White took to calling himself the Swamp Fox, and producer Jerry Wexler touted “swamp music” as “the emergent thing” in a 1969 manifesto for Billboard Magazine. It didn’t become as big a thing as he might have hoped, but it did influence a generation of singer/songwriter/guitarists. It soon became obvious that you didn’t have to actually grow up in a swamp to play the music. Outsiders such as California’s John Fogerty, Ontario’s Robbie Robertson, Oklahoma’s J.J. Cale and London’s Eric Clapton and Mark Knopfler all mastered the style.

Cale, Clapton and Knopfler all repaid their debt to White by guesting on his 2006 Uncovered album, joined by Waylon Jennings and Michael McDonald. Jessi Colter, Shelby Lynne, Emmylou Harris and Lucinda Williams paid similar homage on White’s 2004 album, Heroines. In 1989, White played guitar on Tina Turner’s Foreign Affairs album and wrote four of the songs, including the title track and the hit single “Steamy Windows.”

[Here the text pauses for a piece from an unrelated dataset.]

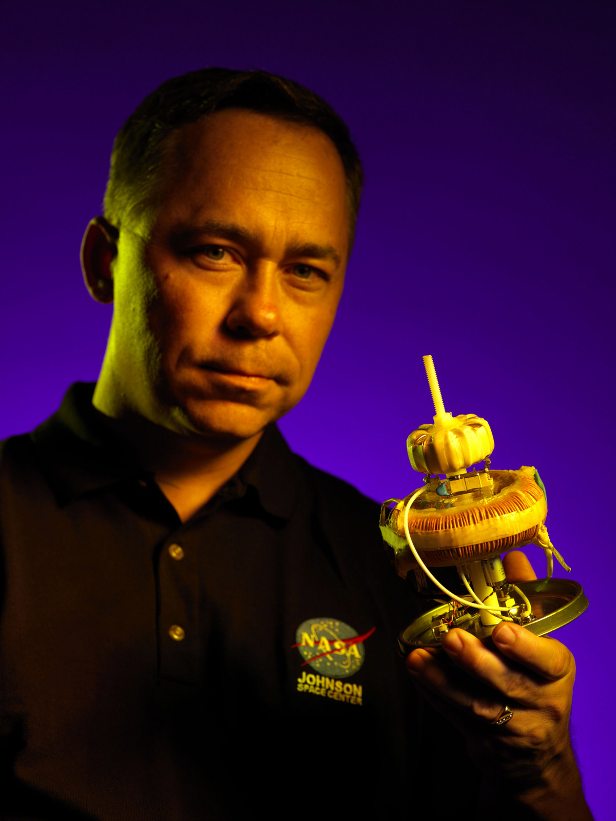 NASA file photo of Harold Sonny White taken by Robert Markowitz.

“You want to talk about heroes,” White told journalist Simon Sweetman last year, “it don’t get much better than writing a song and producing music for Tina Turner…. She’s one of the great singers of all time, she is rock’n’roll and blues and soul, so to have her singing so many of my songs and, ah, especially ‘Steamy Windows,’ yeah, that’s pretty special. Still.”

Kenny Chesney covered “Steamy Windows,” and Willie Nelson titled his 2017 album God’s Problem Child after a song that White co-wrote with Jamey Johnson. All these tributes raised White’s profile again, and he was able to put out a record every few years and to tour regularly—almost always with just himself and a drummer, and, believe me, that was more than enough.

His last album, Bad Mouthin’, released just a few weeks ago, is his own tribute to his blues influences: Hopkins (“Awful Dreams”), Reed (“Big Boss Man”) and Hooker (“Boom Boom”). But he never could quite recapture the songwriting powers of his peak moment, 1968 to 1972, when he released the five albums that introduced most of the songs he’s best remembered for today.

Fogerty’s Creedence Clearwater Revival hired White’s band as the opening act for a 1971 tour of Europe and America. White had a crackerjack band anchored by bassist Donald “Duck” Dunn of Booker T. & the MGs, and they battled Creedence for the swamp-music crown every night. A tape of one of those nights, later released as the album That on the Road Look “Live,” documents that showdown.

“Creedence tried to burn us down,” White wrote in the liner notes, “and we tried to burn them down, because they were going around ‘Swamp this and swamp that,’ and ol’ Duck … told them, ‘You know, Fogerty, there ain’t no alligators in Berkeley.’ From then on, it was war every night on stage.”

On the recording, White sings five songs alone with acoustic guitar and/or harmonica, one R&B ballad and six stomping, sinuous swamp-rockers. The album climaxes in a 10-minute version of “Polk Salad Annie” that’s all about excruciating tension and exhilarating release. It’s one of the greatest rock ’n’ roll live albums of all time.